Task directions
Reproduce the full listing below exactly. Do not include the pictures.

Material provided
================================
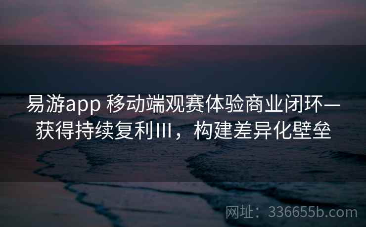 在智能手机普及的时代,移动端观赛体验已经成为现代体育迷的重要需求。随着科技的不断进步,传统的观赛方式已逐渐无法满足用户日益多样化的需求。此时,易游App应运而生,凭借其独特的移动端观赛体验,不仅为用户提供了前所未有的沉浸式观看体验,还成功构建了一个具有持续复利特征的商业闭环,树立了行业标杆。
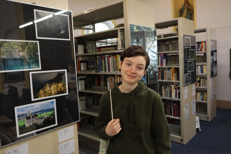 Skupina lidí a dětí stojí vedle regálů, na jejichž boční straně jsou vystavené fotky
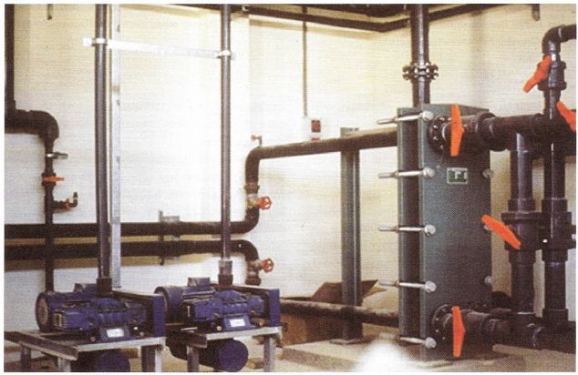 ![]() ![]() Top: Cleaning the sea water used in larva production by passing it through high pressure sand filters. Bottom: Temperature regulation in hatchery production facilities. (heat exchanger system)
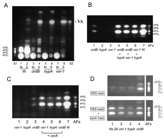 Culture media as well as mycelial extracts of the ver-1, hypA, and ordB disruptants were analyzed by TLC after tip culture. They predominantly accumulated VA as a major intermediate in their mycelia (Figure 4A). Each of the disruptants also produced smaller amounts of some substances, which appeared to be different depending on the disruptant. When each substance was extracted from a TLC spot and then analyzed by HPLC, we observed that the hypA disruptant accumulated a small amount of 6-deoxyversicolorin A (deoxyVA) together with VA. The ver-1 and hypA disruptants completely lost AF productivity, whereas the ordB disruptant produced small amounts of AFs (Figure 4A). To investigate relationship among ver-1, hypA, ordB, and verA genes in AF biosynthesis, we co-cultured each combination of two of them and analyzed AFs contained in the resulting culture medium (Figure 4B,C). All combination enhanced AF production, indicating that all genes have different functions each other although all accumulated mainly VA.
================================
Exercise solution
 在智能手机普及的时代,移动端观赛体验已经成为现代体育迷的重要需求。随着科技的不断进步,传统的观赛方式已逐渐无法满足用户日益多样化的需求。此时,易游App应运而生,凭借其独特的移动端观赛体验,不仅为用户提供了前所未有的沉浸式观看体验,还成功构建了一个具有持续复利特征的商业闭环,树立了行业标杆。
 Skupina lidí a dětí stojí vedle regálů, na jejichž boční straně jsou vystavené fotky
 ![]() ![]() Top: Cleaning the sea water used in larva production by passing it through high pressure sand filters. Bottom: Temperature regulation in hatchery production facilities. (heat exchanger system)
 Culture media as well as mycelial extracts of the ver-1, hypA, and ordB disruptants were analyzed by TLC after tip culture. They predominantly accumulated VA as a major intermediate in their mycelia (Figure 4A). Each of the disruptants also produced smaller amounts of some substances, which appeared to be different depending on the disruptant. When each substance was extracted from a TLC spot and then analyzed by HPLC, we observed that the hypA disruptant accumulated a small amount of 6-deoxyversicolorin A (deoxyVA) together with VA. The ver-1 and hypA disruptants completely lost AF productivity, whereas the ordB disruptant produced small amounts of AFs (Figure 4A). To investigate relationship among ver-1, hypA, ordB, and verA genes in AF biosynthesis, we co-cultured each combination of two of them and analyzed AFs contained in the resulting culture medium (Figure 4B,C). All combination enhanced AF production, indicating that all genes have different functions each other although all accumulated mainly VA.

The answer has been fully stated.